──────── EXTRACTED INFORMATION

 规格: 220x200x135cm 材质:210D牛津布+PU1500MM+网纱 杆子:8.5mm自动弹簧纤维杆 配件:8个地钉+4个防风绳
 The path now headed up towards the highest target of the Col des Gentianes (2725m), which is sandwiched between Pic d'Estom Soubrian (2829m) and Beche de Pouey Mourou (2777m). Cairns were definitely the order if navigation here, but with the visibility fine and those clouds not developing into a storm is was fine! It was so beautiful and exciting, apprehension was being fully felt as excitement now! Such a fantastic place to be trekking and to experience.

────────────────
──────── EXTRACTED INFORMATION

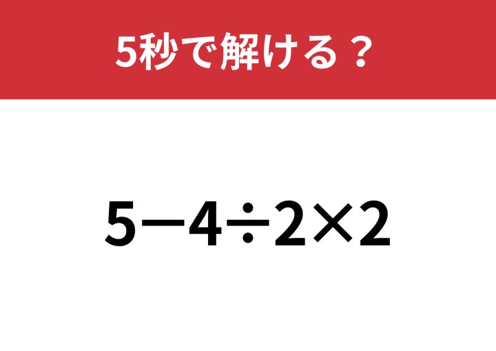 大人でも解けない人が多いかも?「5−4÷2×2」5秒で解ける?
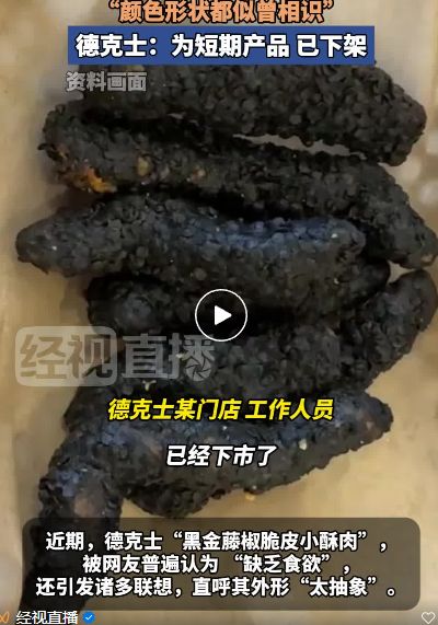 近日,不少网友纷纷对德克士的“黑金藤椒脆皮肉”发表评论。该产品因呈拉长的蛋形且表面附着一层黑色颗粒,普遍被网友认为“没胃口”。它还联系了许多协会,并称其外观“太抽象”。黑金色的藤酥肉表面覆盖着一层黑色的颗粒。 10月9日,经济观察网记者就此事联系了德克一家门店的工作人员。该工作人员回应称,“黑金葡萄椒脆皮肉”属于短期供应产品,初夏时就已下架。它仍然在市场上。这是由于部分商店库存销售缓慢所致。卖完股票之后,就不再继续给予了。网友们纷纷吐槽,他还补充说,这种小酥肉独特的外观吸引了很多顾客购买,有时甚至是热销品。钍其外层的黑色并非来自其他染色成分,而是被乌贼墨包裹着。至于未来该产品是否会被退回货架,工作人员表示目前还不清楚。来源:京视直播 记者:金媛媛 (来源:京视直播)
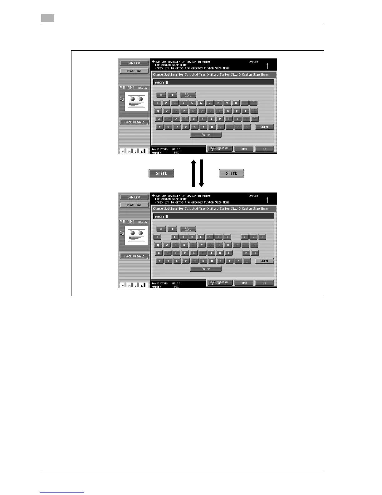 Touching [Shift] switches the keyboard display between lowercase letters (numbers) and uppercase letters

────────────────

### [EXERCISE DESCRIPTION]
Using the data above, give again exactly the lines starting at the one holding "大人でも解けない人が多いかも?「5−4÷2×2」5秒で解ける?" and ending at the one holding "Touching [Shift] switches", inclusive, and nothing more. Omit the pictures.

### [REPLY TO THE EXERCISE]
 大人でも解けない人が多いかも?「5−4÷2×2」5秒で解ける?
 近日,不少网友纷纷对德克士的“黑金藤椒脆皮肉”发表评论。该产品因呈拉长的蛋形且表面附着一层黑色颗粒,普遍被网友认为“没胃口”。它还联系了许多协会,并称其外观“太抽象”。黑金色的藤酥肉表面覆盖着一层黑色的颗粒。 10月9日,经济观察网记者就此事联系了德克一家门店的工作人员。该工作人员回应称,“黑金葡萄椒脆皮肉”属于短期供应产品,初夏时就已下架。它仍然在市场上。这是由于部分商店库存销售缓慢所致。卖完股票之后,就不再继续给予了。网友们纷纷吐槽,他还补充说,这种小酥肉独特的外观吸引了很多顾客购买,有时甚至是热销品。钍其外层的黑色并非来自其他染色成分,而是被乌贼墨包裹着。至于未来该产品是否会被退回货架,工作人员表示目前还不清楚。来源:京视直播 记者:金媛媛 (来源:京视直播)
 Touching [Shift] switches the keyboard display between lowercase letters (numbers) and uppercase letters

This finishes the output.